Then I remembered at once where it was that I had seen him—at the broker’s in the city, before we sailed for America.
“What Christian name?” I asked.
Charles reflected a moment. “The same as the one in the note we got with the dust-coat,” he answered, at last. “The man is Paul Finglemore!”
“You will arrest him?” I asked.
“Can I, on this evidence?”
“We might bring it home to him.”
Charles mused for a moment. “We shall have nothing against him,” he said slowly, “except in so far as we can swear to his identity. And that may be difficult.”

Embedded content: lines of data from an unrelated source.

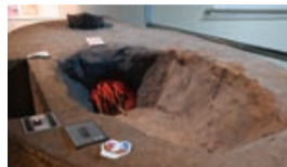
▲炉穴では土器を使って煮ています。炊きをしていました

館内の2階では「飛ノ台貝塚」を紹介し、▲炉穴では土器を使って煮ています。炊きをしていました。同貝塚は、昭和初期に炉穴が日本で最初に発見されたことでも有名な遺跡です。炉穴は、縄文人が屋外で調理をした跡で、同貝塚では400基以上が見つっています。
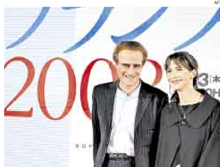
ACTORES. Christopher Lambert y Sophie Marceau en Tokio.

Esta es la tercera vez consecutiva que este festival se lleva a cabo en las ciudades de Tokio y Osaka, un encuentro que es organizado por Unifrance y la Embajada de Francia en Japón, y que en esta oportunidad cuenta con la presidencia de Sophie Marceau. AFP
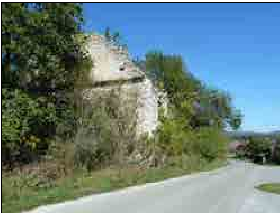
Graščina Grumlof, današnje stanje, fotografija.
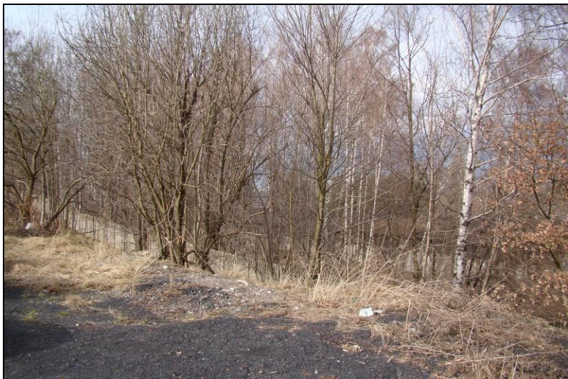
Fot. 17 Południowo-zachodnia część terenu nr 3
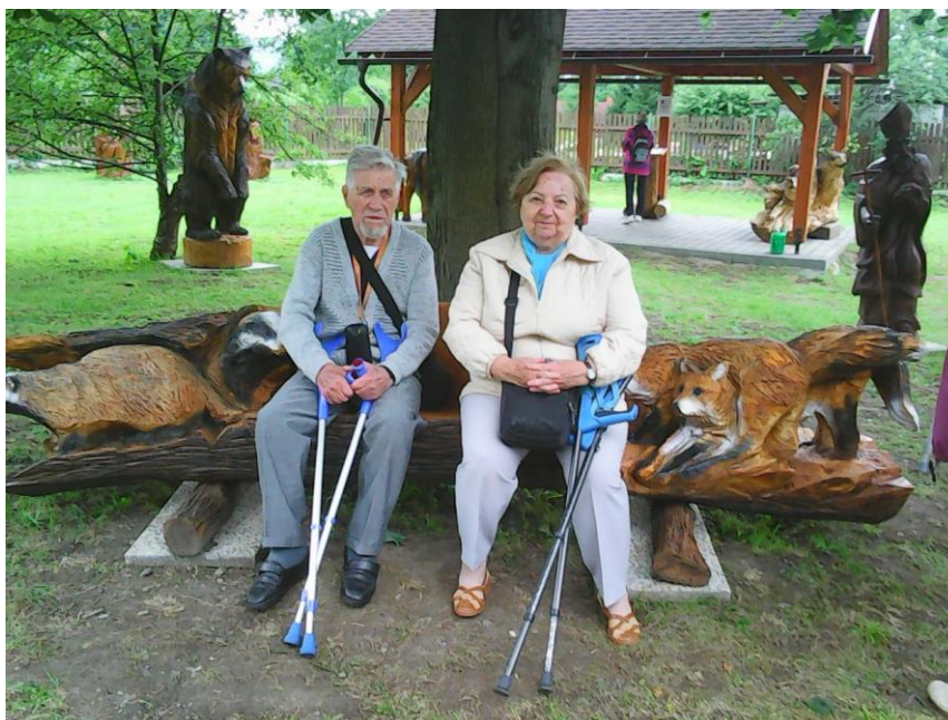
Návštěva obce Ostravice

V závěru roku 2017 jsme rovněž získali investiční finanční příspěvek ve výši 300 000,-Kč z Moravskoslezského kraje na zakoupení konvektomatu do kuchyně. Náklady na zakoupení konvektomatu činily celkem 340 086,-Kč.

Just at that moment the footman brought in tea. Charles wondered apparently whether the man, who had been with us at Seldon when Colonel Clay was David Granton, would recollect the face or recognise having seen it. “Look here, Dudley,” he said, holding up the water-colour, “do you know that person?”
Dudley gazed at it a moment. “Certainly, sir,” he answered briskly.

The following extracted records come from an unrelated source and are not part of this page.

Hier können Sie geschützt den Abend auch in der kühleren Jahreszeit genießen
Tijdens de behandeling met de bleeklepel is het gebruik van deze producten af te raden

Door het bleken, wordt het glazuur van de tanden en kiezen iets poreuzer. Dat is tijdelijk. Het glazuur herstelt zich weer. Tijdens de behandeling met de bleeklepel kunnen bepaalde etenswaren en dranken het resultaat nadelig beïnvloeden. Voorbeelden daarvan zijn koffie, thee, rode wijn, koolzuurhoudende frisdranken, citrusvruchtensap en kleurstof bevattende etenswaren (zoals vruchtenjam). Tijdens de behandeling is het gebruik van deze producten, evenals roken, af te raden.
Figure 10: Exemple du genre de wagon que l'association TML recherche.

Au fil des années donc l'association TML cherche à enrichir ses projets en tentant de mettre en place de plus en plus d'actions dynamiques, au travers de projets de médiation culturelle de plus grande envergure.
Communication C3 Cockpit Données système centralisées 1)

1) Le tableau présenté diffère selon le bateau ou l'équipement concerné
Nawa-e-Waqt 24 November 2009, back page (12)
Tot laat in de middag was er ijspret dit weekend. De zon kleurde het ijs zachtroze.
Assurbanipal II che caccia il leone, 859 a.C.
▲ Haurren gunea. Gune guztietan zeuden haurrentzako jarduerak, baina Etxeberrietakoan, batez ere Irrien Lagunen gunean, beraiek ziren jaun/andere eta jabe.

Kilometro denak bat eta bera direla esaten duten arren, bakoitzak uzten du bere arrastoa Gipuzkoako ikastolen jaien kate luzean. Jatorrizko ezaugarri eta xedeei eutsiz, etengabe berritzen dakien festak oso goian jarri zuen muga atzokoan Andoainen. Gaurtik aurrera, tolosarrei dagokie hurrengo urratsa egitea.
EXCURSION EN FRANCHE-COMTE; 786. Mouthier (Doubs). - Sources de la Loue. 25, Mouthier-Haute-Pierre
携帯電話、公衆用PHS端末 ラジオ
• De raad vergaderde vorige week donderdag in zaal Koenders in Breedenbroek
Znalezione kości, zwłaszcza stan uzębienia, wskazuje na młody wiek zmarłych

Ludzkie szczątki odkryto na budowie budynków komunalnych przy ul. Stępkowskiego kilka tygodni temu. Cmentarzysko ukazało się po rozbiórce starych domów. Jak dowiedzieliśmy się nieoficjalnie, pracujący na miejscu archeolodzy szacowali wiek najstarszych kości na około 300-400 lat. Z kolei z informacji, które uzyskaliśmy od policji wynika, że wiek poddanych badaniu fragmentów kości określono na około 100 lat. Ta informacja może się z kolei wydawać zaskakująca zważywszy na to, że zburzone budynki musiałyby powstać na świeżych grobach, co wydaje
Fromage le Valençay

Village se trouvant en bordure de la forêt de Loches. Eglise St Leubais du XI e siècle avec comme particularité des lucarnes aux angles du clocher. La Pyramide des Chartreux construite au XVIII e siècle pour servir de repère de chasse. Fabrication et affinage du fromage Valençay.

“Who is it?” Amelia asked. We expected him to answer, “Count von Lebenstein,” or “Mr. Granton,” or “Medhurst.”
Instead of that, he replied, to our utter surprise, “That’s Césarine’s young man, my lady.”
“Césarine’s young man?” Amelia repeated, taken aback. “Oh, Dudley, surely, you must be mistaken!”

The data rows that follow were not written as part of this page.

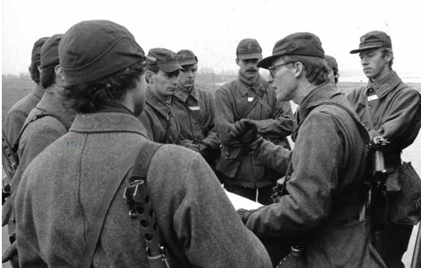
Kompaniledningen diskuterar eventuell uppgift.

Medan vi väntade på besked så ledde kompanichefen diskussioner runt vad en eventuell insats skulle innebära.
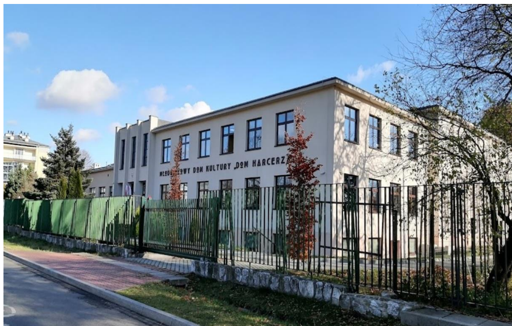
Młodzieżowy Dom Kultury „DOM HARCERZA” ul. Reymonta 18,30-059 Kraków
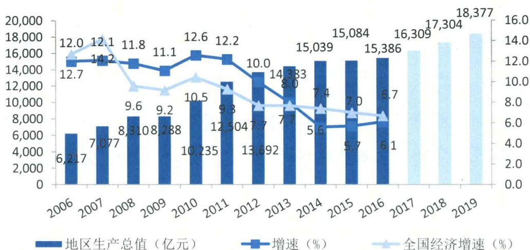
图1 黑龙江地区生产总值及增速

数据来源：2006~2016年黑龙江省国民经济和社会发展统计公报，2017~2019年地区生产总值为大公预测。
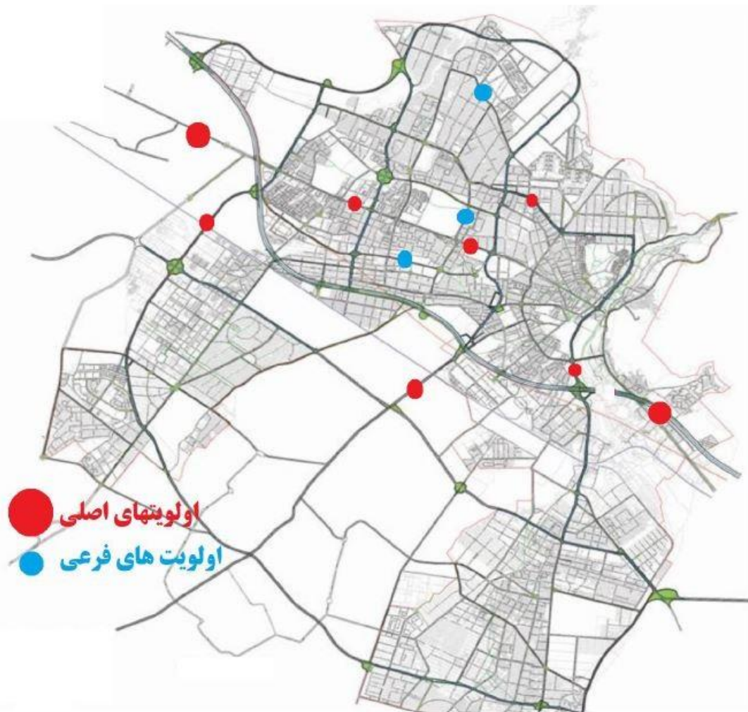
شکل ۳: اولویت بندی محل استقرار تابلوهای VMS براساس پارامترهای موثر
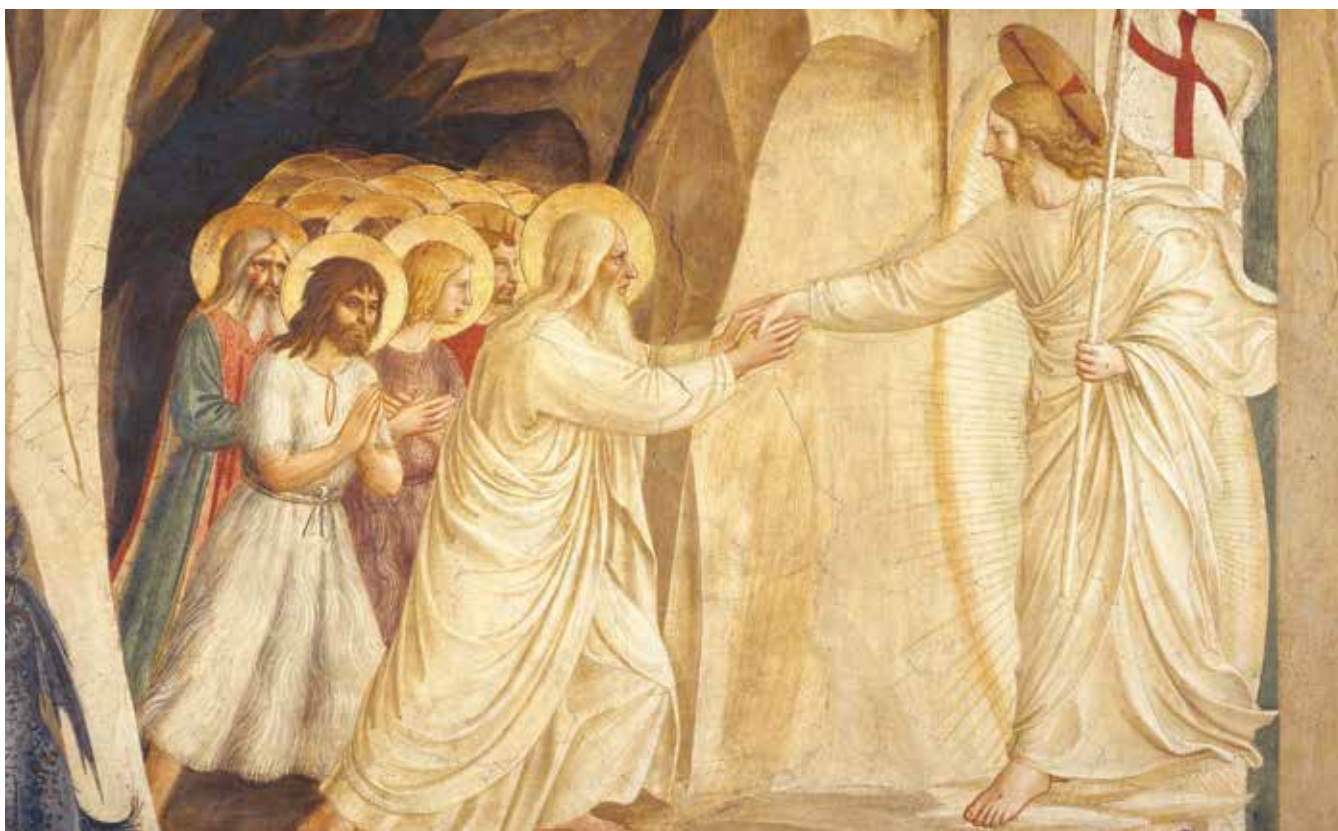
La Descente aux enfers.
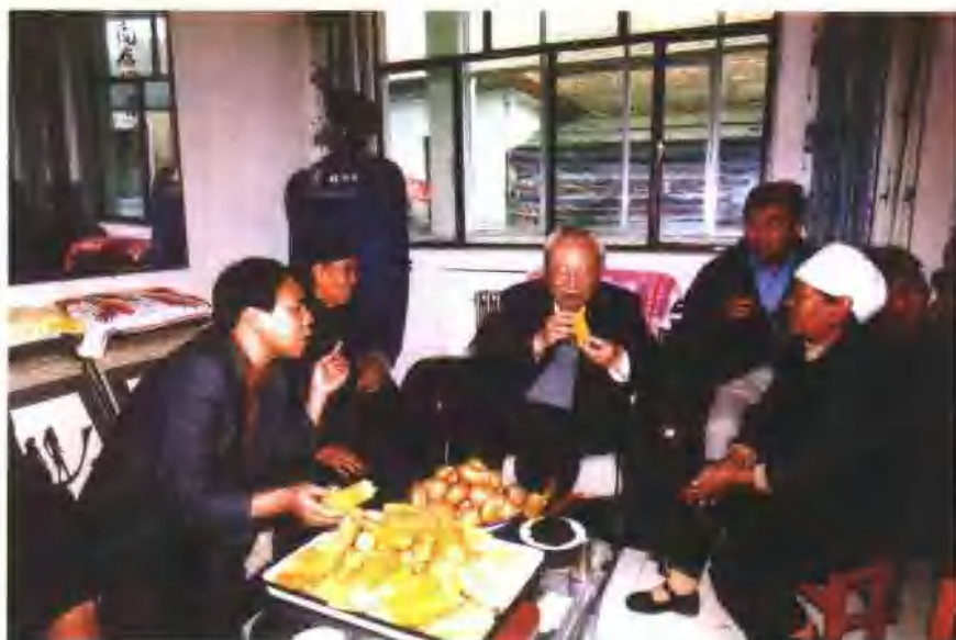
2003年7月，原全国人大副委员长费孝通来甘肃视察定西农村小康建设和农民生活改善情况。

“No, my lady,” Dudley replied, in a tone of conviction. “He comes to see her quite reg’lar; he have come to see her, off and on, from time to time, ever since I’ve been in Sir Charles’s service.”
“When will he be coming again?” Charles asked, breathless.
“He’s downstairs now, sir,” Dudley answered, unaware of the bombshell he was flinging into the midst of a respectable family.
Charles rose excitedly, and put his back against the door. “Secure that man,” he said to me sharply, pointing with his finger.
“What man?” I asked, amazed. “Colonel Clay? The young man who’s downstairs now with Césarine?”
“No,” Charles answered, with decision; “Dudley!”
I laid my hand on the footman’s shoulder, not understanding what Charles meant. Dudley, terrified, drew back, and would have rushed from the room; but Charles, with his back against the door, prevented him.
“I—I’ve done nothing to be arrested, Sir Charles,” Dudley cried, in abject terror, looking appealingly at Amelia. “It—it wasn’t me as cheated you.” And he certainly didn’t look it.
“I daresay not,” Charles answered. “But you don’t leave this room till Colonel Clay is in custody. No, Amelia, no; it’s no use your speaking to me. What he says is true. I see it all now. This villain and Césarine have long been accomplices! The man’s downstairs with her now. If we let Dudley quit the room he’ll go down and tell them; and before we know where we are, that slippery eel will have wriggled through our fingers, as he always wriggles. He is Paul Finglemore; he is Césarine’s young man; and unless we arrest him now, without one minute’s delay, he’ll be off to Madrid or St. Petersburg by this evening!”